N’y comprenant plus rien nous avons appelé au secours le Sherlock du comportement animal, le Pr Burp (1).

 

Bouffarde au bec et loupe à la main, il scruté les lieux des crimes pour nous communiquer finalement ses conclusions.

 

 Les rongeurs pénètrent par la chatière, chose incroyable pour des souris, et ont établi un camp de base sous la bibliothèque. Lech est innocente et c’est Mirzah qui, par solidarité, se charge du « travail » de « hunter killer » (chasseur/tueur).

 

Nous sommes sidérés d’abriter un chat et un chien aux rôles inversés, où allons-nous ? Il n’y a plus de saisons !

 

  1.  Lire à ce sujet les albums du génial Marcel Gotlib (la rubrique à brac et d’autres aux Ed Dargaud)

 

05:53 Écrit par yog dans Général, Loisirs | Lien permanent | Commentaires (6) | Tags : souris, chat, chien, capture, inversion |  Facebook | |

10/04/2014

Une sieste peu évangélique ?

 

Allongé sur le couvre-lit, j’appelle Lech qui aussitôt me rejoint et sous les caresses de ma main droite elle se met à ronronner comme il sied à tout bon chat.

 

Bien vite Mirzah arrive au bord du lit et réclame, elle aussi, la main de son maître.

 

Mes deux mains fouraillent leurs toisons respectives …. mais contrairement au précepte de Jésus ma main droite n’ignore pas ce que fait ma gauche !

 

Mirzah est insatisfaite, elle contourne le lit, d’un saut s’y juche et réclame à nouveau ma main à peine libérée. Elle est moins discrète que Lech et démarre ses coups de lèche en cherchant mon visage.
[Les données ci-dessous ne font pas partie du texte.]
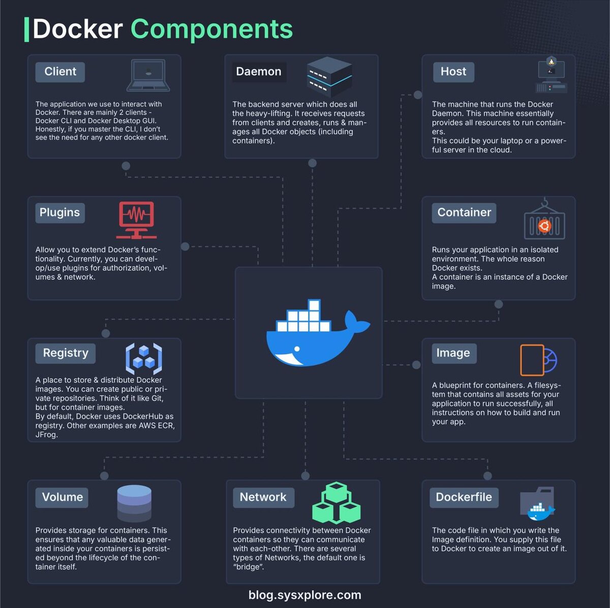 : → Client - основной интерфейс (CLI или GUI), через который ты управляешь Docker → Daemon - фоновый сервис, который обрабатывает команды клиента: собирает, запускает и управляет контейнерами → Host - физическая или виртуальная машина, где работает Docker и запускаются контейнеры → Image - неизменяемый шаблон (образ) с файловой системой и всем необходимым для запуска приложения → Dockerfile - файл с инструкциями, по которым собирается Docker-образ → Container - запущенный из образа изолированный экземпляр приложения → Registry - хранилище Docker-образов (например, Docker Hub или AWS ECR) → Volume - постоянное хранилище данных, которое сохраняется вне контейнера → Network - обеспечивает безопасную связь и взаимодействие между контейнерами
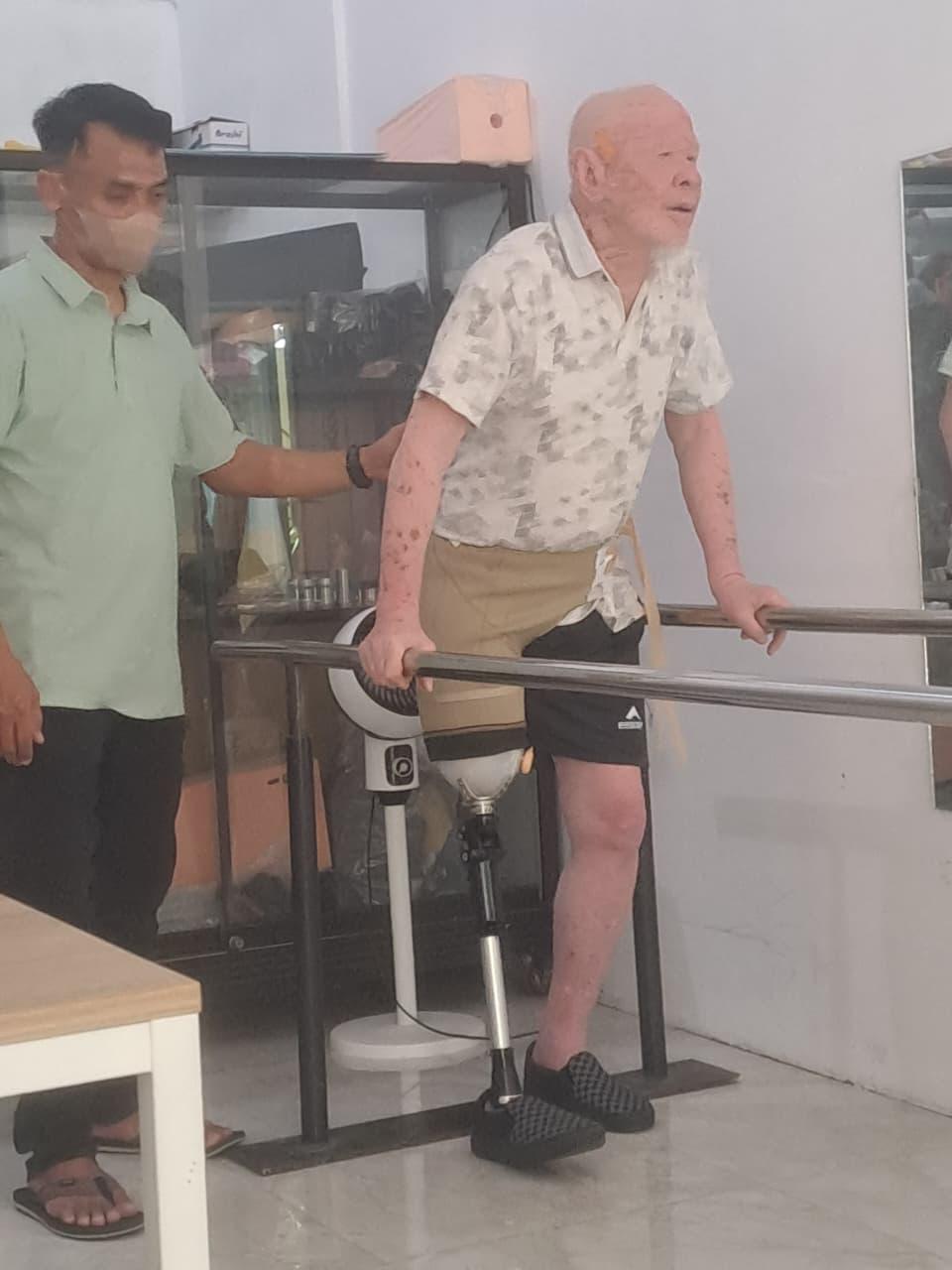 Proses penyerahan dimulai pada 2 September 2025, dan pemasangan serta pelatihan penggunaan kaki palsu selesai pada 27 Oktober 2025. Bantuan diserahkan langsung oleh dokter pendamping NHM Peduli, dr. Hi. Syamsul Bahri dengan pendampingan dari Indra Ismail (tim NHM Peduli). Bahan kaki palsu tersebut dikirim dari Jakarta, dengan proses finishing dan pelatihan pemakaian dilakukan di Klinik Orthotik Prostetik Manado.

Il m’est impossible de l’en dissuader !

 

Ma sieste est donc terminée et je laisse les deux petites bêtes maîtresses du terrain.

 

Après tout, n’était-ce pas leur objectif ?

 

J’ai encore été eu !

 

21/10/2013

Mirzah drible Lafontaine

Mirzah et le bocal du pâté

 

Notre fils Marcel au retour de ses agréables vacances familiales en Corse nous a rapporté un joli colis contenant des produits de l’Ile de Beauté : de l’excellent vin et des spécialités locales comme quelques bocaux de pâté.

Dernièrement nous en avons dégusté un au petit déjeuner, c’était un régal sur le bon pain !

Aussi mal intentionnés que la Cigogne vindicative de la fable de Lafontaine nous nous apprêtions alors à rire des tourments de notre brave petite chienne cherchant à déguster les restes du pâté collés à la paroi du pot.

Mirzah se saisit d’abord du petit récipient pour le transporter à l’écart en le tenant par les dents, tâche rendue difficile par la forme cylindrique de l’objet.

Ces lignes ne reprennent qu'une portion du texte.